(Given entries begins)
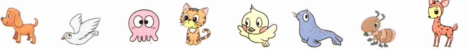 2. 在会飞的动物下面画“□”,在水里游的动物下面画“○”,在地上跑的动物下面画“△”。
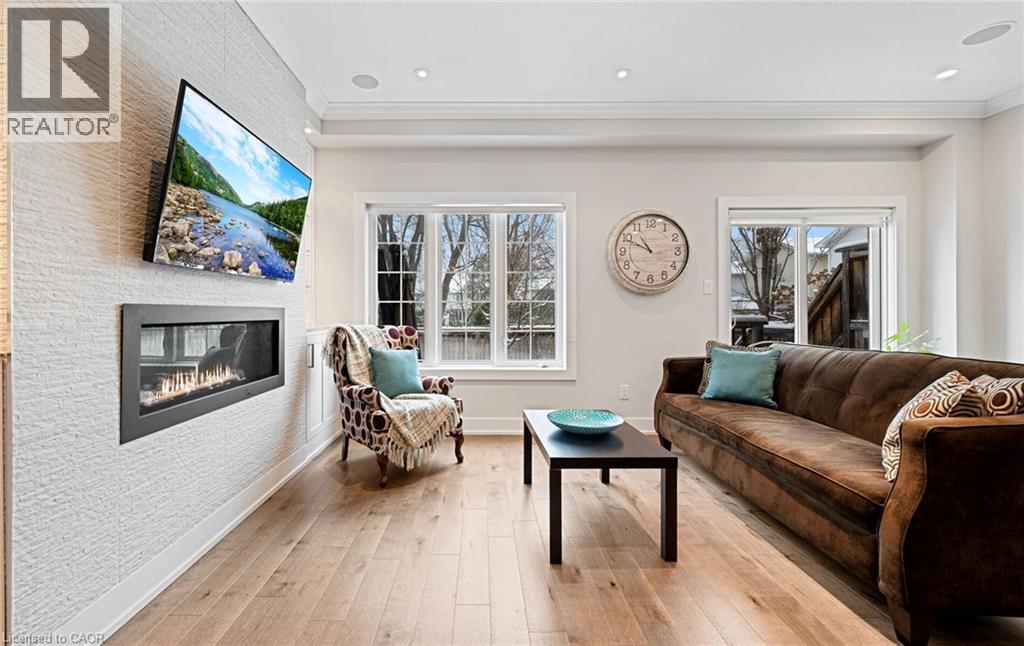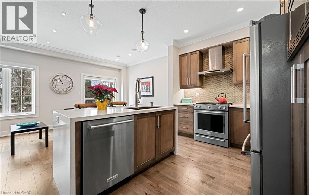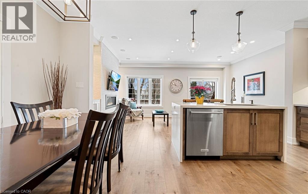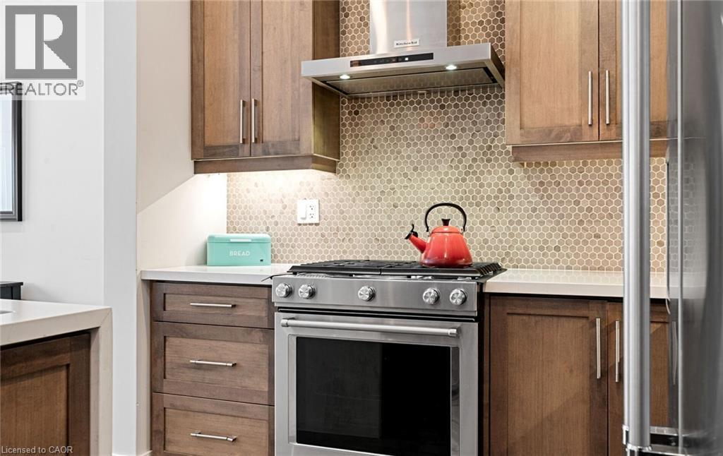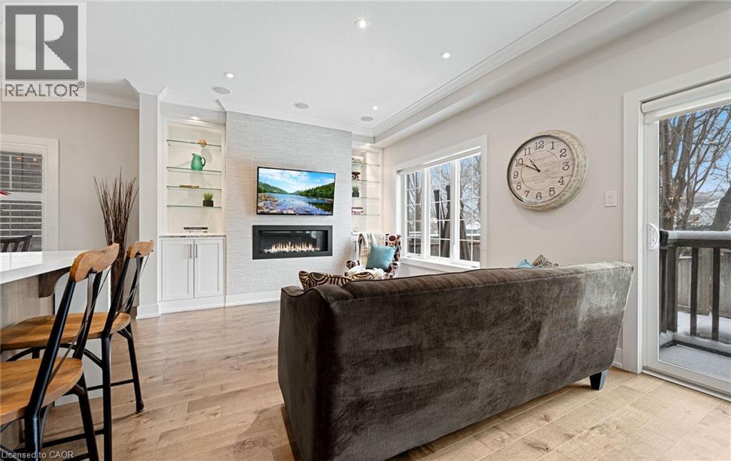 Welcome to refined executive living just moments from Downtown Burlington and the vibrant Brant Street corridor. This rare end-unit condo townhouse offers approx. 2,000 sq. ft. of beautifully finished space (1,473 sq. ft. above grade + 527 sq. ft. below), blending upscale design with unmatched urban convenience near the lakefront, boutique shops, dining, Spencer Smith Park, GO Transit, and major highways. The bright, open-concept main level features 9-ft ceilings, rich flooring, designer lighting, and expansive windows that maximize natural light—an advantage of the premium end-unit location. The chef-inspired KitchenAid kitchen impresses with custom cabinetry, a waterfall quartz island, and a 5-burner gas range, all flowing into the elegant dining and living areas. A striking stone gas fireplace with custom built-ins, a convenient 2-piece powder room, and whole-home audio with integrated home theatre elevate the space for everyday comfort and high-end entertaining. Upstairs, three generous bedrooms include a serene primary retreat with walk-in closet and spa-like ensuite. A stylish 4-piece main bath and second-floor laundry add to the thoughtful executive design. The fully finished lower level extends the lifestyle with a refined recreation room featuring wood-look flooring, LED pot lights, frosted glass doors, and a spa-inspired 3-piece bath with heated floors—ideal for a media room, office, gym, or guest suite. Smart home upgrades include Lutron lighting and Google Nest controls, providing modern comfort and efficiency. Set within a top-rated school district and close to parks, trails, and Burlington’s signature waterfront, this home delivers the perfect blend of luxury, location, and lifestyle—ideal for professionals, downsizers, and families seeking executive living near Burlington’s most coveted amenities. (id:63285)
(Given entries ends)
(Given entries begins)
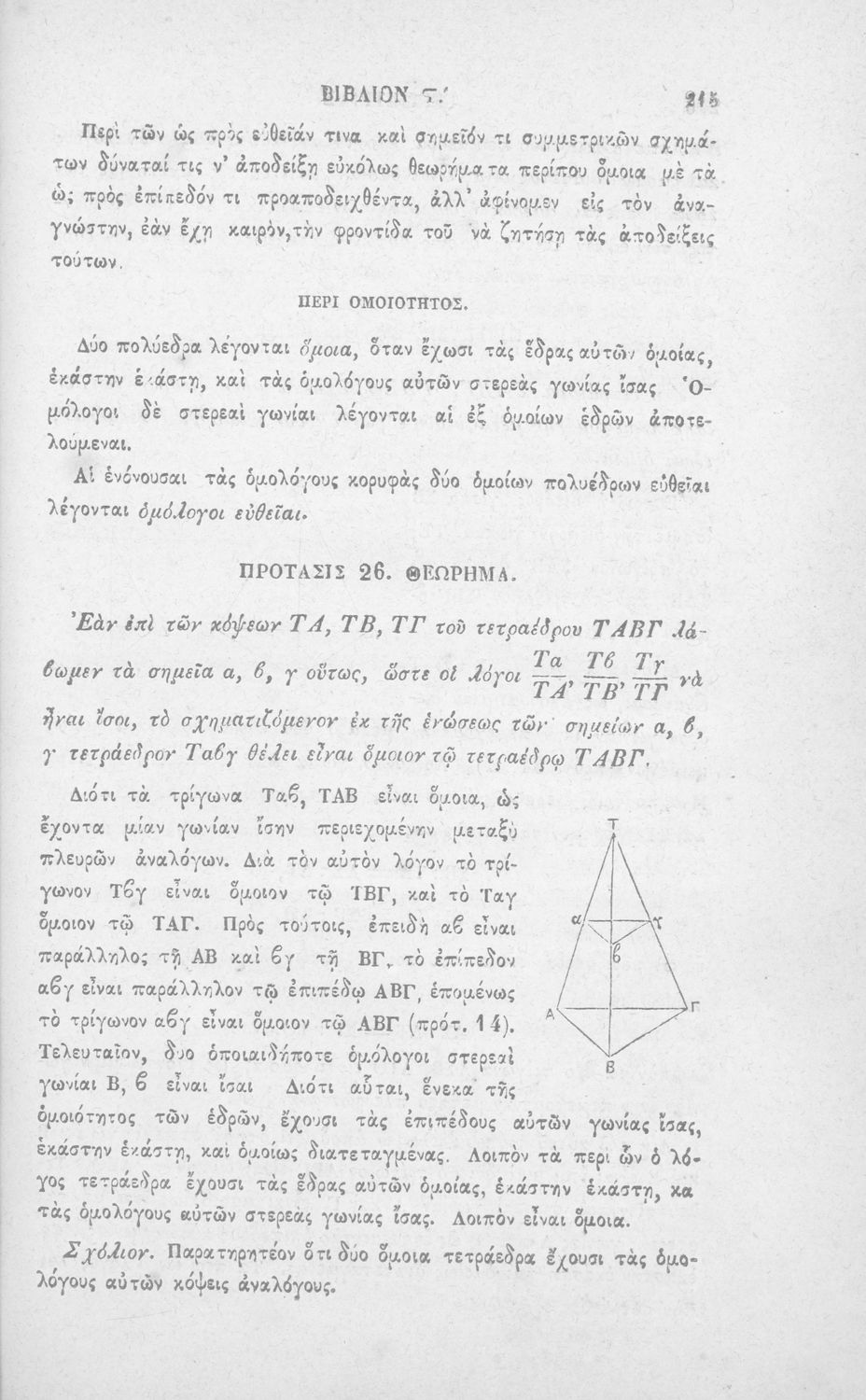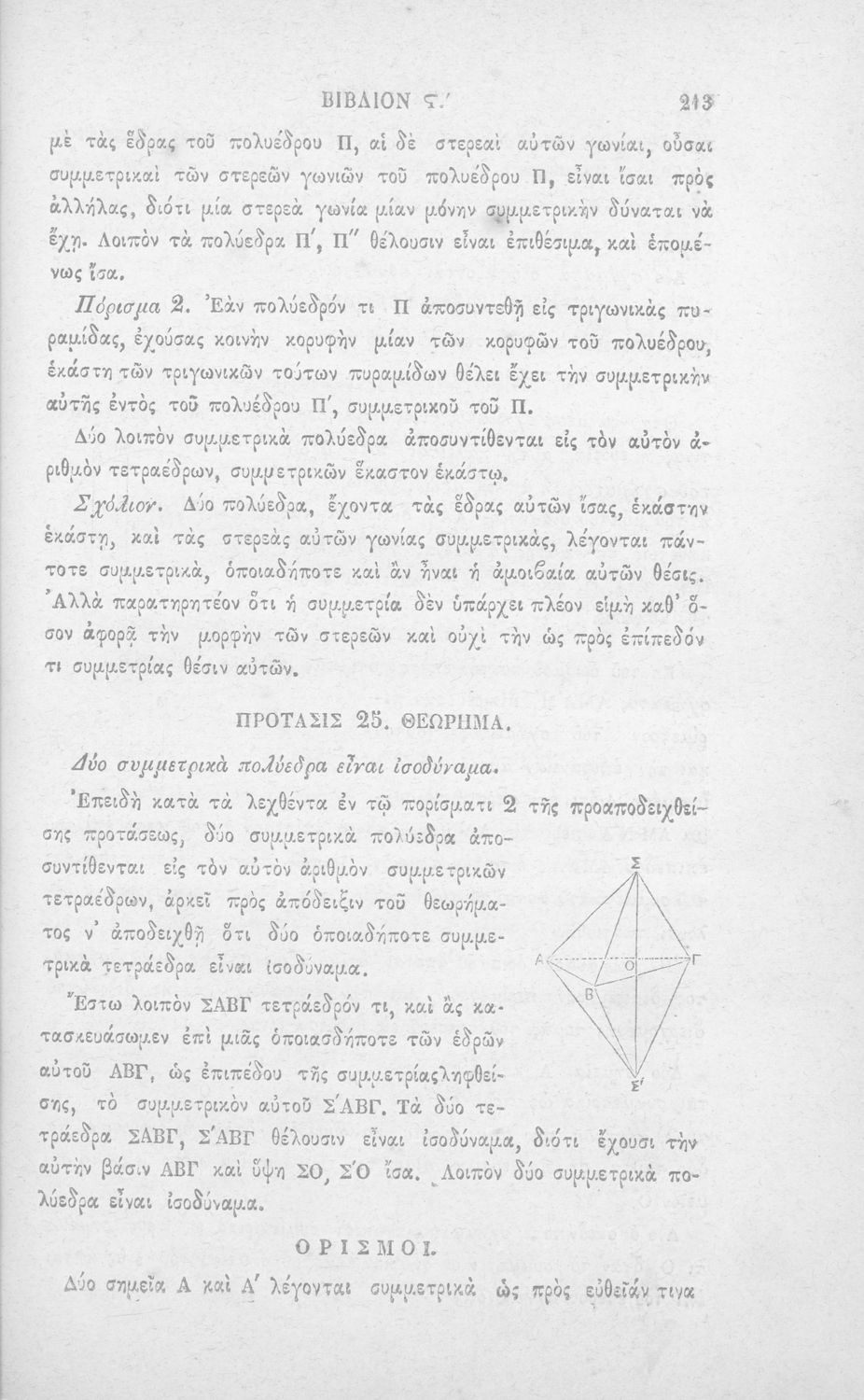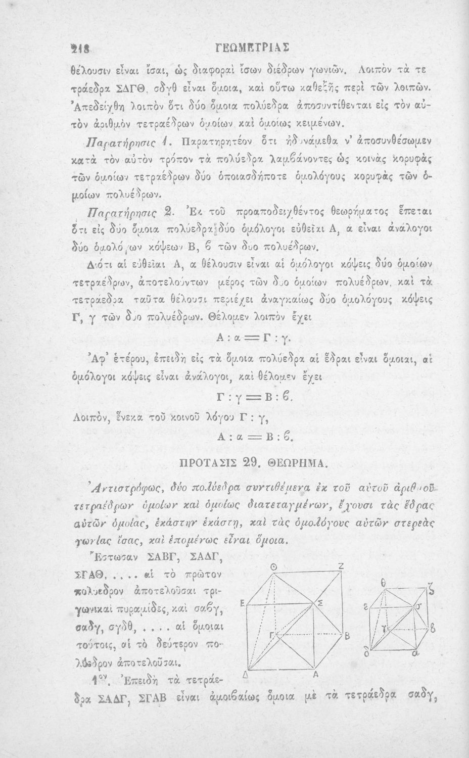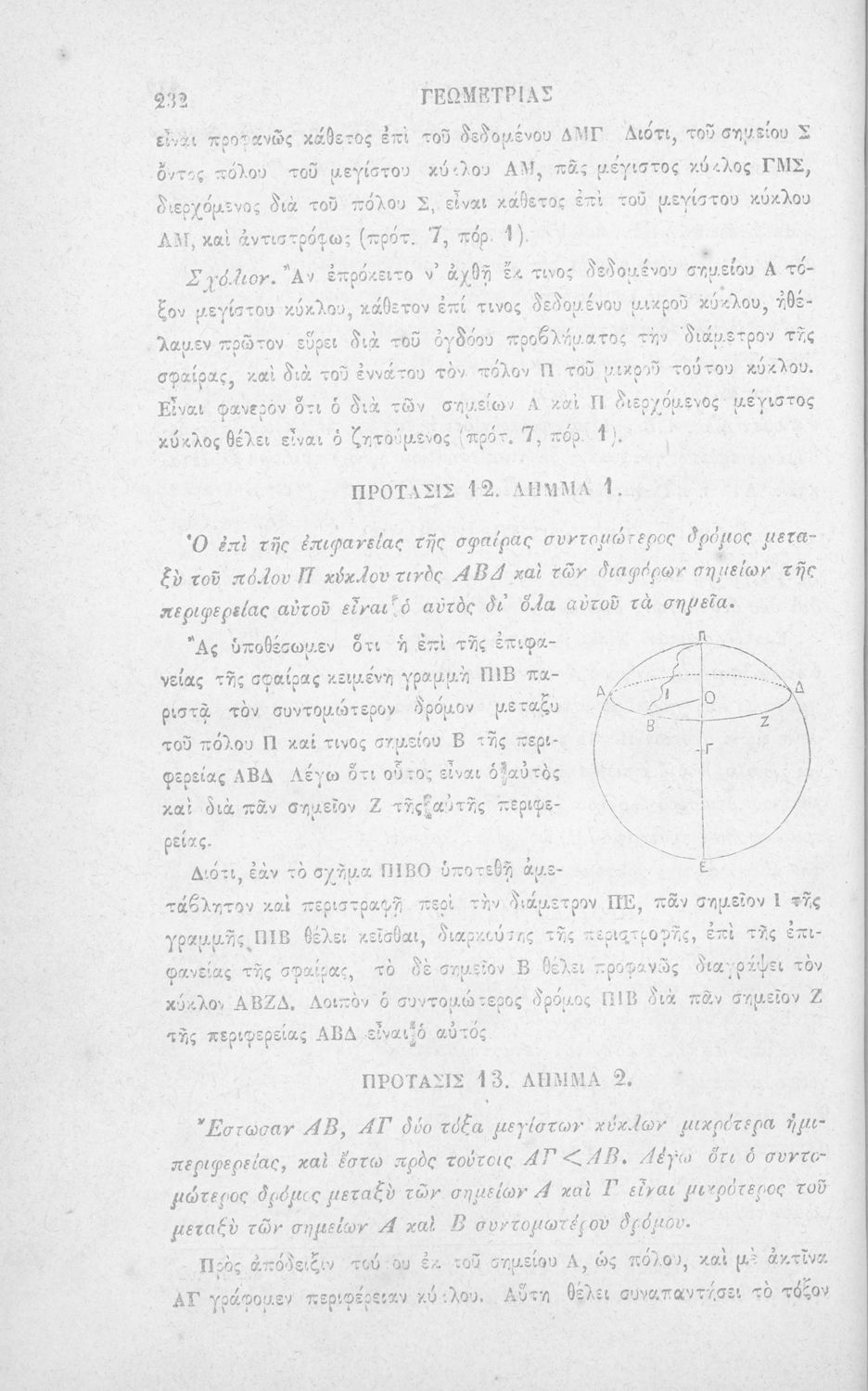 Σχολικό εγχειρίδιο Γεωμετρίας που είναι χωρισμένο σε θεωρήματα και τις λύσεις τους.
(Given entries ends)
(Given entries begins)
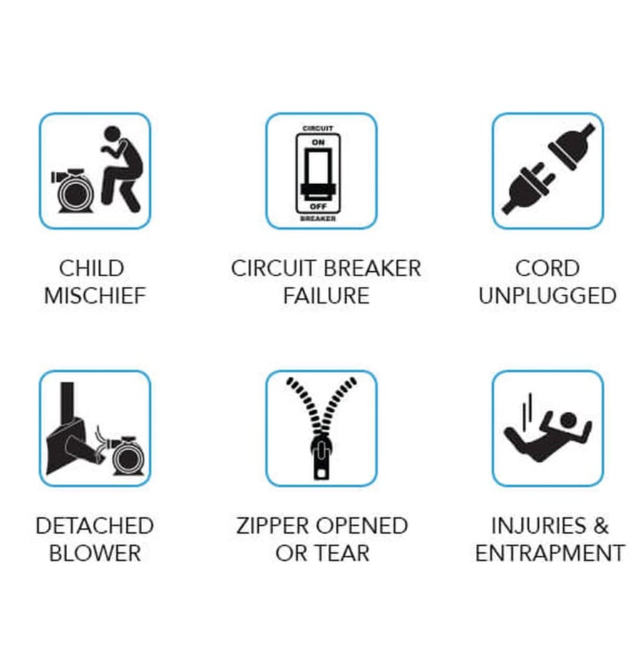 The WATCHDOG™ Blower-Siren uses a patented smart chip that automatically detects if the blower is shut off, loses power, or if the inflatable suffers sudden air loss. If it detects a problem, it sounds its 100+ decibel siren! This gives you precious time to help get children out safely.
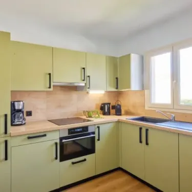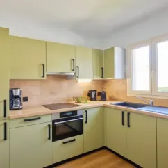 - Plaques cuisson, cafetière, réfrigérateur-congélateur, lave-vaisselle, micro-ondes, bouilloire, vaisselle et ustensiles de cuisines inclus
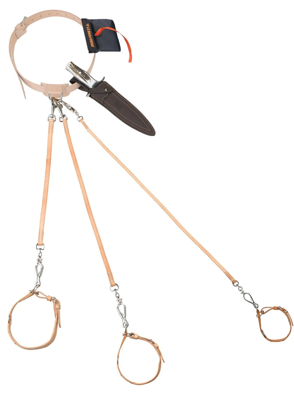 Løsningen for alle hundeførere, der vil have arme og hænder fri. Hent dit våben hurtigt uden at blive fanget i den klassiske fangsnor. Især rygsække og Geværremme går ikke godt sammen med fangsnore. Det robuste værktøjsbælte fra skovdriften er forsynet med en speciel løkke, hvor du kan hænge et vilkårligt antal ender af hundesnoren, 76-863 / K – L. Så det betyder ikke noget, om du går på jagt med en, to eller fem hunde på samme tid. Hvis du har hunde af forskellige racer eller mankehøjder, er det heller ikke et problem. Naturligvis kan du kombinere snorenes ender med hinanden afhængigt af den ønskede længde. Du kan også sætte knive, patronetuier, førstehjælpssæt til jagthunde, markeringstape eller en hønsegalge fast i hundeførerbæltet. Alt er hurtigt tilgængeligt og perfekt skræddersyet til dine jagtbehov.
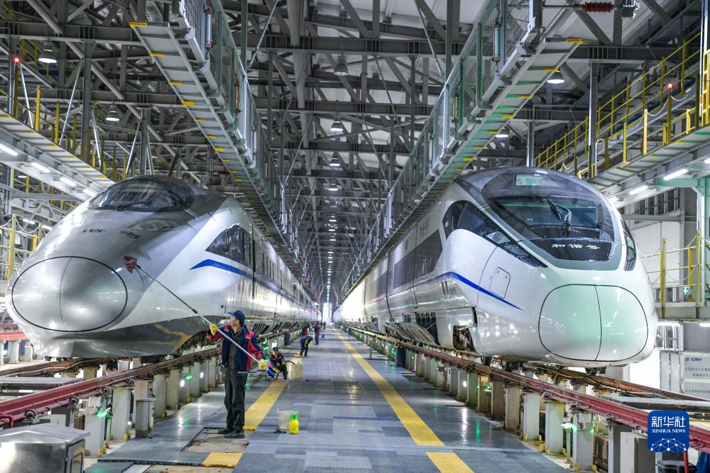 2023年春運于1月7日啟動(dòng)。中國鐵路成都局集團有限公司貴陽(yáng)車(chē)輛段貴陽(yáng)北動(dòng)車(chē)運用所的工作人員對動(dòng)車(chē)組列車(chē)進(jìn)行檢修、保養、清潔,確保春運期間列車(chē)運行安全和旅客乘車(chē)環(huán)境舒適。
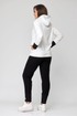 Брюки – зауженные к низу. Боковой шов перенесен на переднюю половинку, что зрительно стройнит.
(Given entries ends)
# Required work:
Beginning at the line above that contains "2023年春運于1月7日啟動" and going on through the line that contains "Брюки – зауженные", please copy every line exactly, leaving the pictures out and adding nothing.

# Written reply:
 2023年春運于1月7日啟動(dòng)。中國鐵路成都局集團有限公司貴陽(yáng)車(chē)輛段貴陽(yáng)北動(dòng)車(chē)運用所的工作人員對動(dòng)車(chē)組列車(chē)進(jìn)行檢修、保養、清潔,確保春運期間列車(chē)運行安全和旅客乘車(chē)環(huán)境舒適。
 Брюки – зауженные к низу. Боковой шов перенесен на переднюю половинку, что зрительно стройнит.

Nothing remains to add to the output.